Later, I learned from reading the book that Daniel's mother already had tuberculosis when she arrived at the Auschwitz-Birkenau death camp, and she died soon afterward. Anne Frank's mother also died of tuberculosis soon after she arrived at Auschwitz-Birkenau. In the book, Erika was selected to play the violin in the camp orchestra, so she was not sent to the gas chamber. According to the book, Erika was death marched from Auschwitz to the Gross-Rosen camp where she hid in the infirmary on the day that this camp was evacuated, as the Nazis tried to stay one step ahead of the advancing Soviet army. Erika survived and was in a displaced persons camp after the war, according to the book.

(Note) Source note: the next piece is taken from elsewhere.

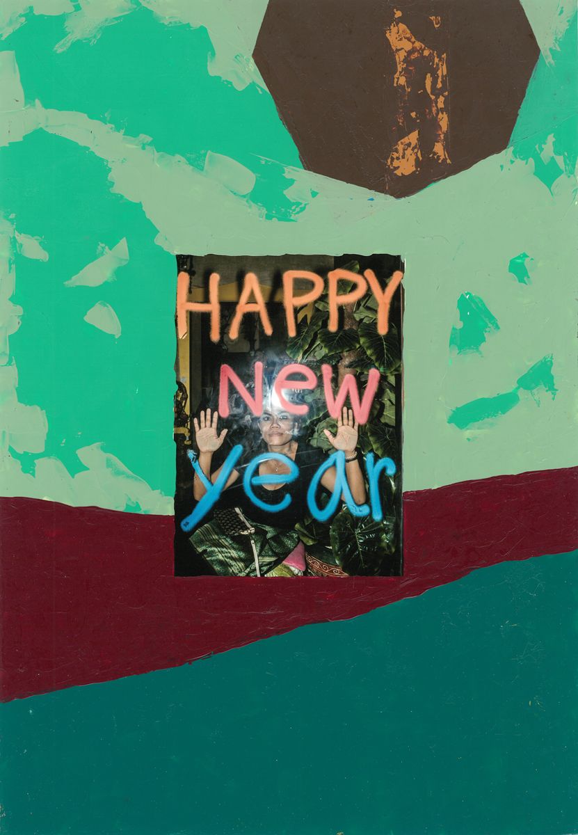 Various elements overlap simultaneously; the existence of the artist in a specific space like Thailand, his interaction with local people through the medium of photography, and the layers of paint, where both mediums support and react to one another. The work embodies internal conflicts regarding the nature of art and the systems that dominate it on another level. All this information flows into and chaotically merges within the work, blending until the elements are inseparable.

At the exit from Daniel's Story, there is a blue mail box where visitors can deposit letters written to Daniel. I recalled that there was another mail box about the same size in the exhibit, which was a separate mail box for the Jews to use after the Nazis started making laws which restricted their lives in Germany. On that final note, I went through the door and was back in the Hall of Witness, where right in front of me, I saw a gray bench strategically placed for people to rest and reflect upon what they had just seen.

Although I spent two days in the year 2000 visiting the permanent exhibits at the museum, and was there for several hours each day, I never saw any of the adults crying. On the tour of Daniel's Story, there were children sobbing and one boy cried uncontrollably at the end when Daniel tells how the Jews were killed at Birkenau.

This is a very mild version of the Holocaust story, but children should be prepared by their parents or teachers before seeing this exhibit. Even then, young children might worry excessively after seeing this exhibit because there is no explanation for why the Jews were hated so much. The message seems to be that a Jew can be rich, living the good life, minding his own business, not hurting anyone, and all of a sudden, out of nowhere, everything is taken away from him, and for no reason at all, he is sent to a ghetto and then to a concentration camp and killed. How is a child of 11 supposed to make sense of this?